Yeah, I think it was more trying not to hide behind it. I think I’m still kind of a bit silly and stupid. I never really thought I was funny, I was just kind of mucking around, I guess. I think there’s still plenty of that on this album. But it’s less obvious.

I’m sure it’s easy to transmute that vulnerability into a studio recording with the option of multiple takes, but do you find you’re able to communicate that same level of emotion in a live performance? Are you getting the same feeling across?

Yeah, I think that’s why music is so fun and I never quite know how it works. [The songs] change so much that you don’t know how it’s gonna turn out, and even the emotion from each song changes every day anyway.

So it’s less of a premeditated thing, it’s more in the moment, would you say?

Yes, definitely, it’s kind of a gut instinct.

So many journalists have written about the alphabet soup line in “Nameless, Faceless.” [The lyric from “Nameless Faceless” goes: “He said: ‘I could eat a bowl of alphabet soup and spit out better words than you.’” The line is lifted verbatim from a tweet dragging Barnett for her lyrical style.] Do you still find yourself tempted to look at internet comments on your videos?

No, I don’t look at that stuff really. I don’t use social media much anymore, just Instagram… there are too many things to look at.

It’s a lot of stuff. Do you think you could handle [criticism] differently from when you were first starting out as a musician?

I just think it’s one of those things you learn in life in general. Some people are nasty and you need to understand where it comes from, or at least try and understand where it comes from and that it’s not personal or true.

So you worked with Burke Reid as producer again for the album. Why did you want to work with him again? What’s your relationship like?

He’s great. We did that last album, and I just felt really safe and understood. He’s a wizard [laughs].

I read that you’ve said some of these songs were written when you were a teenager, which ones were those?

“Sunday Roast,” I wrote the guitar line when I was 13, and “Help Yourself,” I kind of wrote the main riff when I was 16. I didn’t have any instruments at the time, but I had these microphones, so I just sang the drum beat and the bass line and sang these harmonies. And they both just stuck in my head over time.

So it wasn’t anything lyrically?

No, just the music stuff.

What made you want to revisit those songs now as opposed to your first album?

They’ve just always been there and I’ve played them, but I’ve never been able to finish them. So it’s like, if something keeps coming back like that, then it’s for a reason.
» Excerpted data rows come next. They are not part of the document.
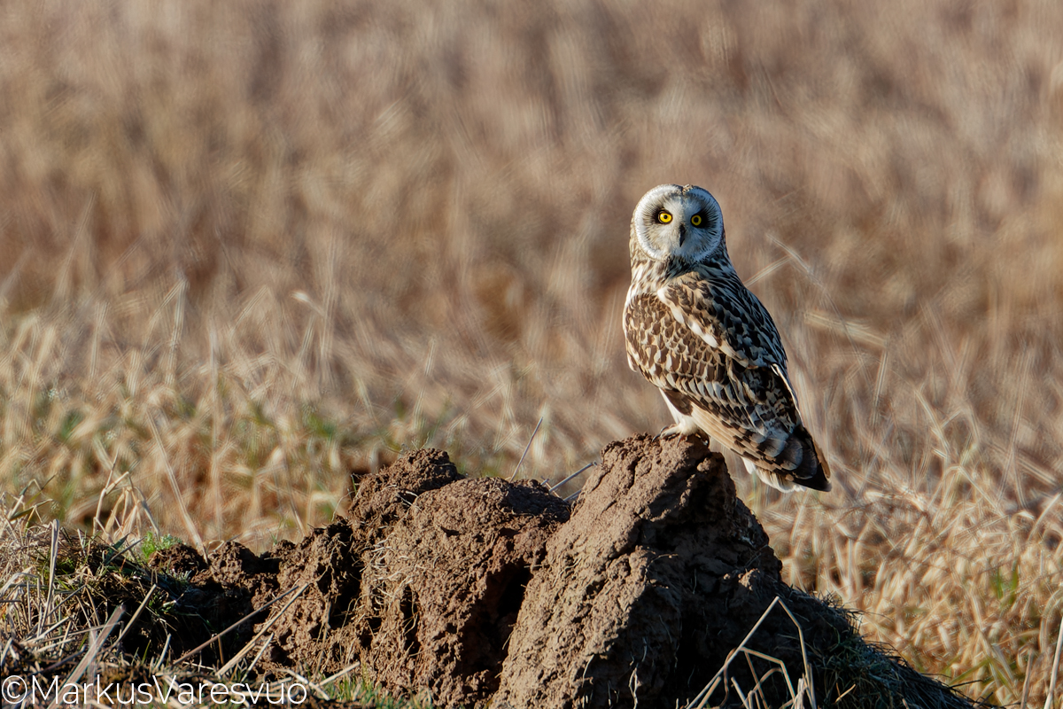 Aperture F-number f/8.0 Exposure Time: 1/500 ISO: 400 Image information: Short-eared Owl (Asio flammeus)Liminka Finland May 2005 Time from camera: 2005:05:13 Copyright: Markus Varesvuo Pursilahdenranta 2B22 00980 Helsinki Finland +358405033831 markus.varesvuo@lintukuva.fi Camera: Canon EOS-1D Mark II Focal Length: 1000/1 | |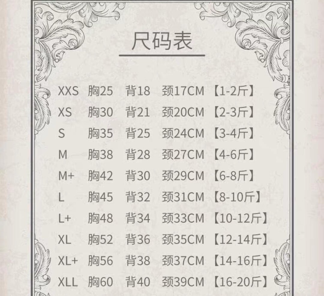 サイズは最後の画像でご確認の上、ご注文をお願いいたします。サイズ表は、胸囲、着丈、首周りの順にサイズが載っています。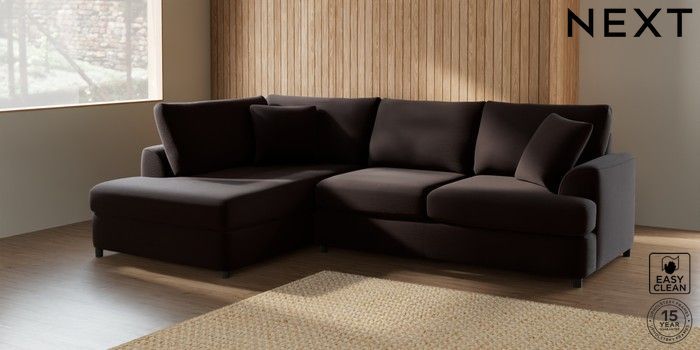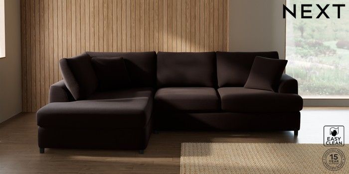 7.2.10 Parker Platform Medium Corner Chaise - Left Hand Fine Chenille Easy Clean Chocolate Brown Glide | Made Click here to use our website with more accessibility support, for example screen readers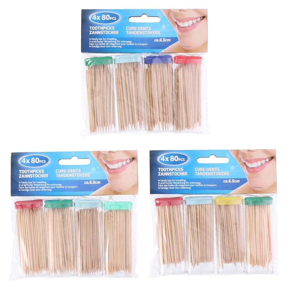 Toothpicks, dental cleaners, 4x80 pieces, bamboo wood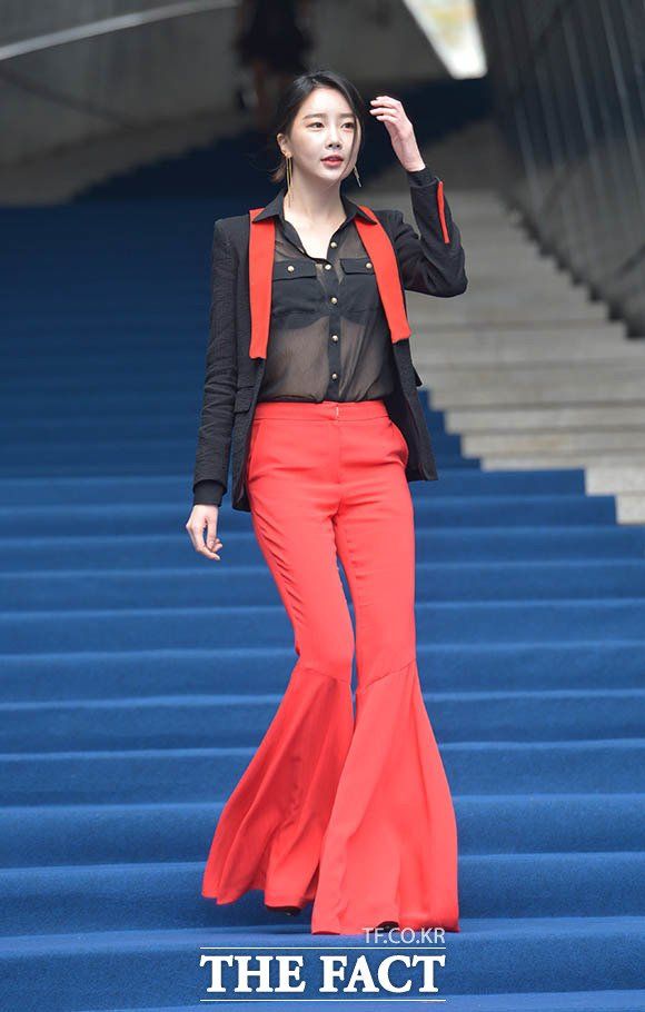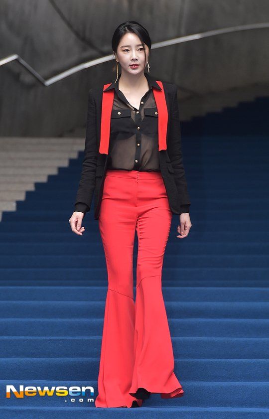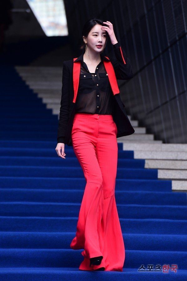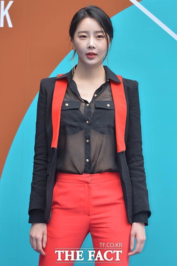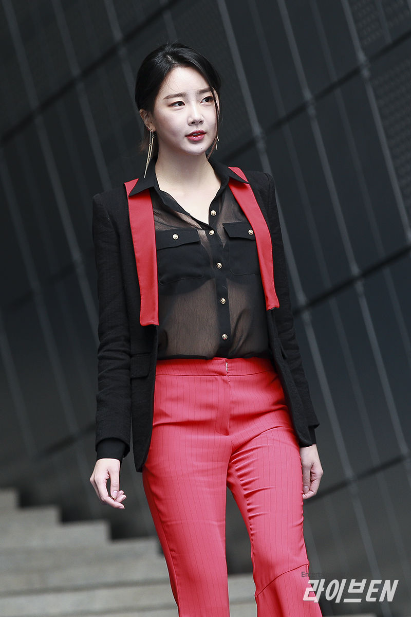 ジャケットの中スケスケで黒ブラジャー丸出しにしてドラマの発表会に出席する女優パク・セヨン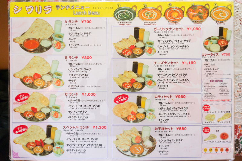 ランチメニュー。カレーは右上に記載されている5種類(日替わり・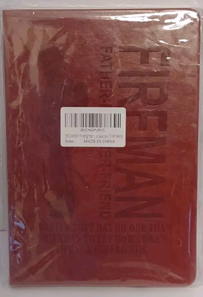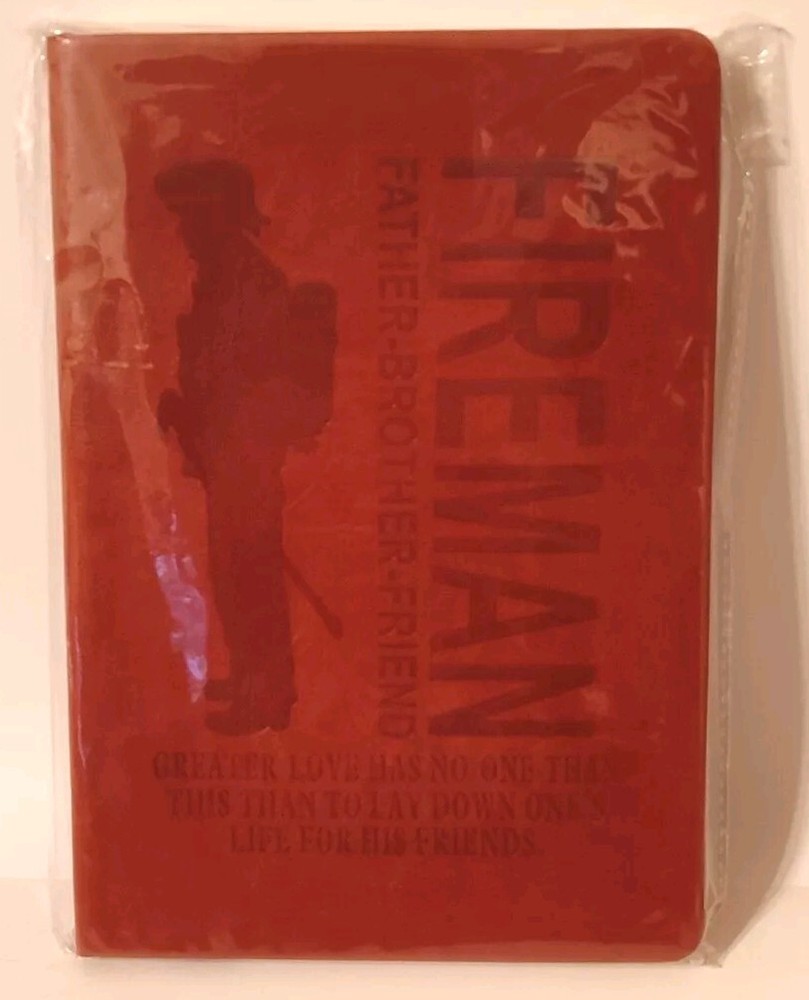 This Firefighter's personal lined journal is a great gift for the firefighter in your life. With 192 pages, it provides ample space for writing notes, sketches, or anything else that comes to mind. The journal is leather bound in brown. The front cover depicts a Firefighter and reads: FIREMAN •FATHER • BROTHER • FRIEND GREATER LOVE HAS NO ONE THAN THIS THAN TO LAY DOWN ONE'S LIFE FOR HIS FRIENDS. The cover material is made of high-quality leather, ensuring durability and longevity. Whether you're a firefighter or just looking for a unique gift, this journal is perfect for you.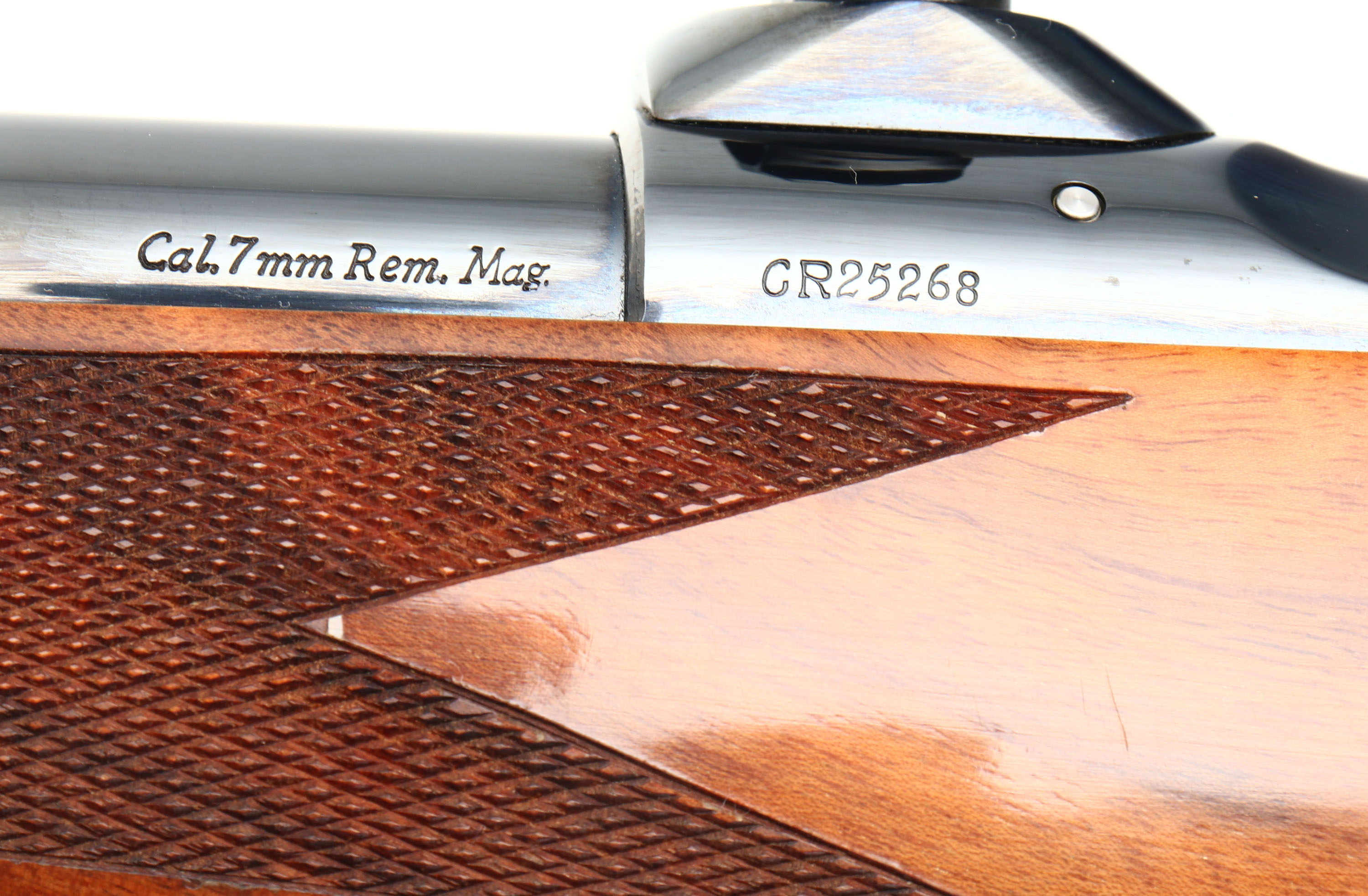 J.P Sauer & Sohn, Colt Sauer Sporting Rifle, CAL: 7mm REM MAG, MFG: 1983-84 (Produced 1971-84), SN: CR25268, Bolt Action Rifle, 23 1/2'' barrel. This rifle was marketed with a single word ''Incomparable''. Produced in W. Germany by J.P. Sauer & Sohn, these high-quality bolt-action rifles were built primarily for the American hunting market & shared specifications of USA-Colt. The rifles were introduced in 1971, saw a 14-year run & faded away in July of '84. The design was unique to the time. To increase operating speed, a Colt Sauers bolt locks up without rotating by utilizing three internally-cammed locking lugs. It is fed by a hefty steel single-stack magazine with the brand & caliber neatly engraved on the face of the follower. Colt Sauers are fitted with high grade American walnut stock with 18-line hand checkering & a high-gloss lacquer finish. A rosewood forend & grip cap add to the asthetic. The original checkered, capped & beaded cheek Monte Carlo style stock is excellent. The factory high-gloss finish is excellent. The deep blue metal finish rates 99% overall. Bore is excellent. The receiver is tapped & drilled, holding a pair of Redfield scope rings & bases. No open sight provisions. Sling studs present. Stock carries a Colt Sauer ventilated recoil pad. Original internally marked mag reads ''Colt Sauer 7mm Rem Mag''. These were not rifles made to be dragged through deer swamps or left in the barn. Rather, they were a balance between exceptional hunting performance & the artwork of fine gun builders. High condition, all original examples like this one have become quite collectible & command high values. FFL Req. - Value: 2500 to 4500
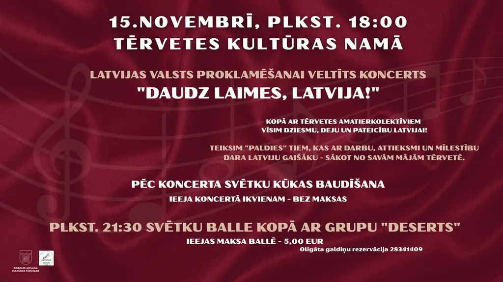 Aicinām Tevi uz VALSTS SVĒTKU KONCERTU TĒRVETES KULTŪRAS NAMĀ: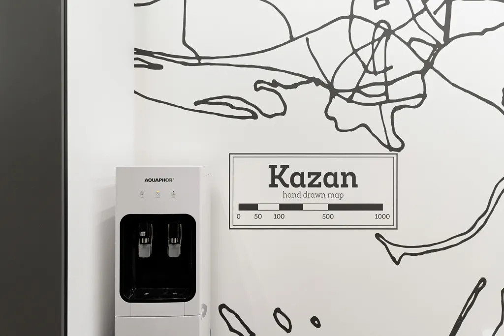 2. Кухня со всем необходимым наполнением: двухкомфорочная индукционная плита, чайник, мини холодильник, набор столовой и кухонной посуды, микроволновая печь, капсульная кофемашина.

Did you have to push yourself to finish those songs?

Yeah, because I’m a bit of a… I put things off.

You do the cover art for all your albums. Tell me about what went into this one?

The photo that I took — I was doing this series of Polaroids while I was writing and I hadn’t really been drawing much like a lot of the albums. So the photo seemed to capture the title, I think.

Tell me about feature on your website where fans submit their email and they can post a 250-character blurb about their thoughts and feelings. Was that your idea?

It wasn’t my idea, but I can’t actually remember who came up with it. It was someone that worked with… a friend. I was trying to think of things to do around the title and around the album. I really liked it when the album came out; we did a handful of little art shows and we used all the text. It’s quite powerful reading through it all. We did a New York one. We had all the words printed up on the walls of the gallery, and I think that volume of [the comments] is quite overwhelming. Because it’s so personal and some of it’s super casual. It’s quite voyeuristic in a way, and we had no idea about the story. But altogether, it’s really strong.

Were you using it as a substitute for social media?

Not really. I think it’s more the idea of, you know, expressing yourself and talking about your feelings and the importance of that. I’ve kind of done it through writing the songs, so I’ve shared already. This is people sharing back.